Is there any sense in using different color profiles when I am not using ICC profile of my monitor/printer?
In general – what should I do if I would want to develop my own graphics-manipulating application that supports profile different than sRGB (for example in Qt)?
The color space your image uses determines how your 16 bits per pixel should relate to the output produced by your monitor, i.e., it determines what colors the numbers actually represent.
This can make a difference in the way some algorithms are processed if they are supposed to make realistic, natural-looking, or consistent results.
Let's say you composite a semi-transparent yellow on top of a dark red background? What kind of brown do you get? If the algorithm always mixes the pixel data the same way, then even when the yellow and red look the same on your monitor, the brown you get might be different because of your color space.
A more 'correct' way to do mixing would be to transform your pixel data into a consistent color space, mix, and then transform back. If the original colors look the same on two monitors with different calibrated profiles, then they will transform into the same numbers in a consistent color space, and the mix result will transform back into results that look the same on both monitors even though the pixel values might be different.
Natural-looking compositing with semi-transparency is a good example of an algorithm that has to take your color space into account in order to produce realistic results. Other effects that have to look 'natural', like specular highlights, shadows, etc., similarly need to do physically accurate math in a consistent color space.
To answer your specific questions:
Yes, as explained, many algorithms should perform different calculations with different color spaces.
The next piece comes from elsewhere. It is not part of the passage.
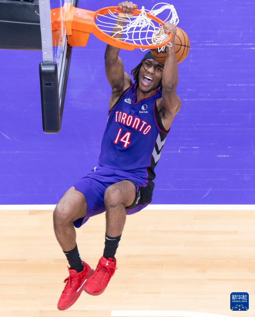 4月3日,猛龙队球员阿巴基(前)在比赛中扣篮。

Yes, there is. The image's color space defines what the data means in terms of physical light. If you display it with an ICC calibrated profile, it is transformed into the numbers that your monitor needs to accurately display your image.
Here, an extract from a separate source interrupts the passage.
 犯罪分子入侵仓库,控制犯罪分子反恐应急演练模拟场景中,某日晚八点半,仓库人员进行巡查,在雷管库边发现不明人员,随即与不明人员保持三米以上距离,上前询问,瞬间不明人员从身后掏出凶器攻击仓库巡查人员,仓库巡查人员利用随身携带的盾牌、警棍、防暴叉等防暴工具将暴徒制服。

It should make very little difference what color space you use for your image, except that some display software won't take it into account. Making sRGB images is better for cross-system compatibility, but I think Adobe RBG has a bigger gamut and can actually represent some green colors that sRGB can't. You should use printer and monitor calibration so that you can SEE what your image really looks like.
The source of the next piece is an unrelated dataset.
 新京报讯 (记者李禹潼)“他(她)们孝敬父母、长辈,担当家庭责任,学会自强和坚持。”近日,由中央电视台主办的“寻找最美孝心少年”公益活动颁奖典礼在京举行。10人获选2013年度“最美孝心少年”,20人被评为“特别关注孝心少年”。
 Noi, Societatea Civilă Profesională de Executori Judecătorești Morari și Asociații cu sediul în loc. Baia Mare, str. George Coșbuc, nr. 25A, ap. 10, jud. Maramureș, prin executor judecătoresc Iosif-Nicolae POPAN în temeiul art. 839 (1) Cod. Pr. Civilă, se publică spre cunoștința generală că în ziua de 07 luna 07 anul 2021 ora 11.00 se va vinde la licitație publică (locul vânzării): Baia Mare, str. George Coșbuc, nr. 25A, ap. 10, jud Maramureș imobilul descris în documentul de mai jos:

I think I answered that above.
Their's no differences in algorithms because you operate in RGB color space and not in XYZ color space. Monitors like you said shows colors differently, the red on one monitor may not exactly match the red primary on another monitor. In order to define different RGB color spaces in a common manner, monitors use the CIE 1931 XYZ color space. Every monitor or system calculate RGB color to XYZ according to used profiles, for example: RGB (1,0,0) = XYZ (0.4358, 0.2224, 0.0139) in sRGB and XYZ (0.7977, 0.2880, 0.0000) in ProPhotoRGB.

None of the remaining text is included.